History of immunologically mediated disease (e.g. inflammatory bowel disease, idiopathic thrombocytopenic purpura, lupus erythematosus, autoimmune haemolytic anemia, scleroderma, severe psoriasis, rheumatoid arthritis).
History or other evidence of bleeding from esophageal varices or consistent with decompensated liver disease.
History or other evidence of chronic pulmonary disease associated with functional limitation.
History of significant cardiovascular diseases.
History of a severe seizure disorder or current anticonvulsant use.
History or other evidence of severe retinopathy.
History of thyroid disease poorly controlled on prescribed medications. Participants with elevated thyroid stimulating hormone concentrations with elevation of antibodies to thyroid peroxidase and any clinical manifestations of thyroid disease are excluded.
Concomitant use or use during ≤ 6 months prior to the first dose of study drug of anti-neoplastic, immunosuppressive, nephrotoxic or hepatotoxic medication, methadone, theophylline or medications that may affect renal excretion or hepatic metabolism are not permitted.

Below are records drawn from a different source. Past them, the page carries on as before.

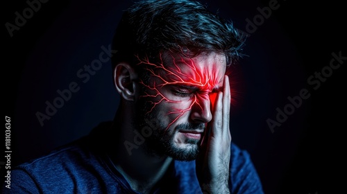 A man experiences intense pain, depicted through red visual effects around his head, conveying a sense of distress and emotional turmoil.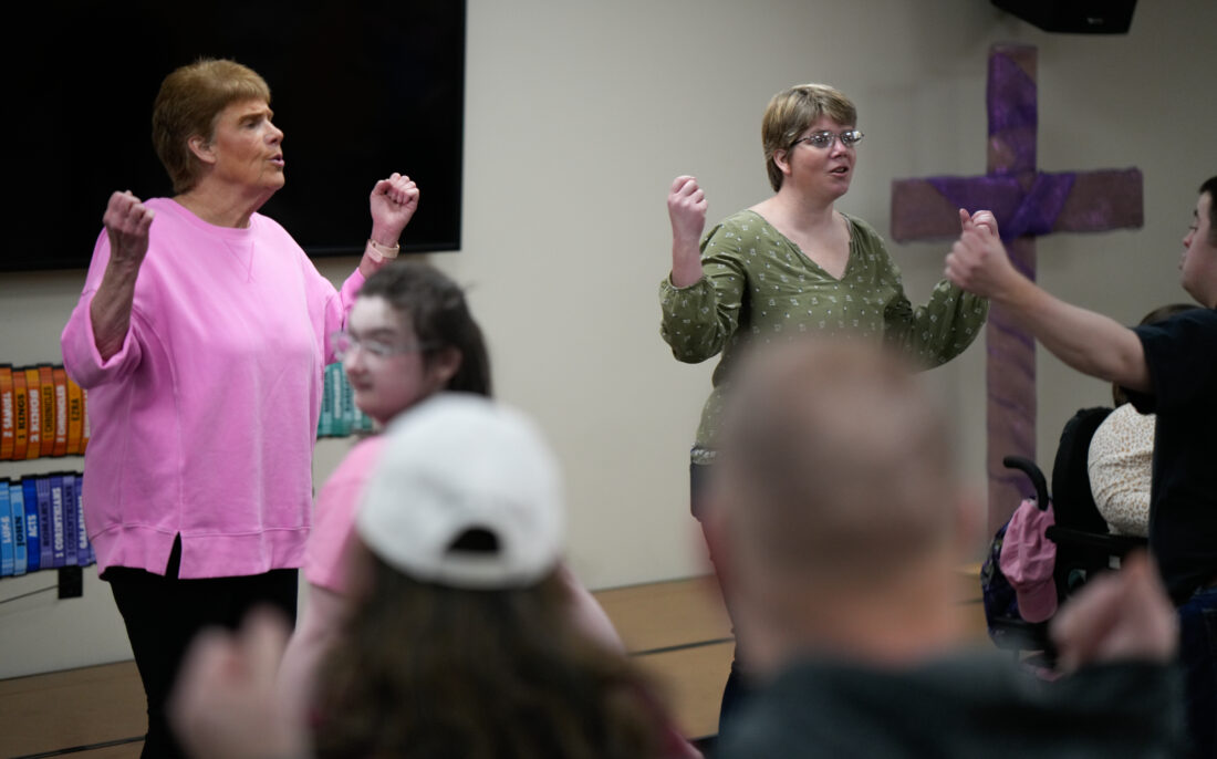 Diana Logan and her daughter Amber of Williamsport lead the group during the weekly practice of the Music from the Heart group. The group of special needs adults are praticing their songs for an upcoming concert April 18. DAVE KENNEDY/Sun-Gazette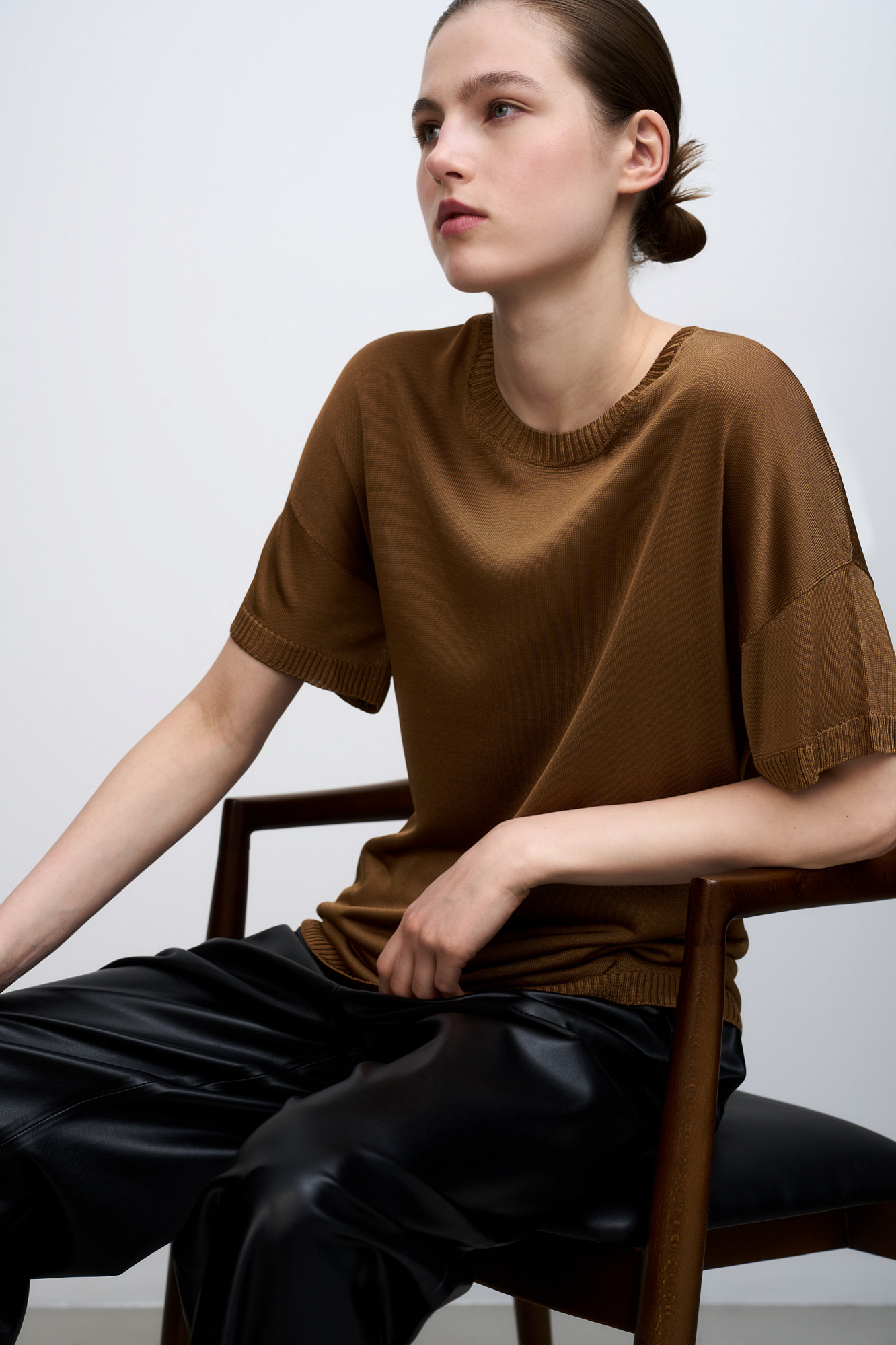 Цельновязаная футболка из 100% вискозы. Модель свободного силуэта, со спущенной линией плеча и круглым вырезом горловины. Края изделия выполнены в рубчик.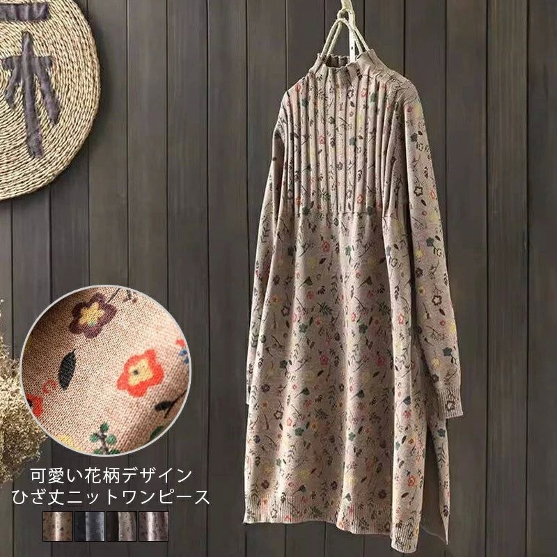 レディース 50代 秋冬 チュニックワンピース きれいめ ニットワンピース 膝丈 膝下 チュニック 花柄 大きいサイズ 膝丈ワ ワンピ

Concomitant use of complementary or alternative medications purported to have antiviral activity.
A participant may not be co-enrolled in another clinical trial where an investigational drug is administered.
Any other condition or situation that in the opinion of a study physician would make the participant unsuitable for enrollment or could interfere with the participant participating in and completing the study.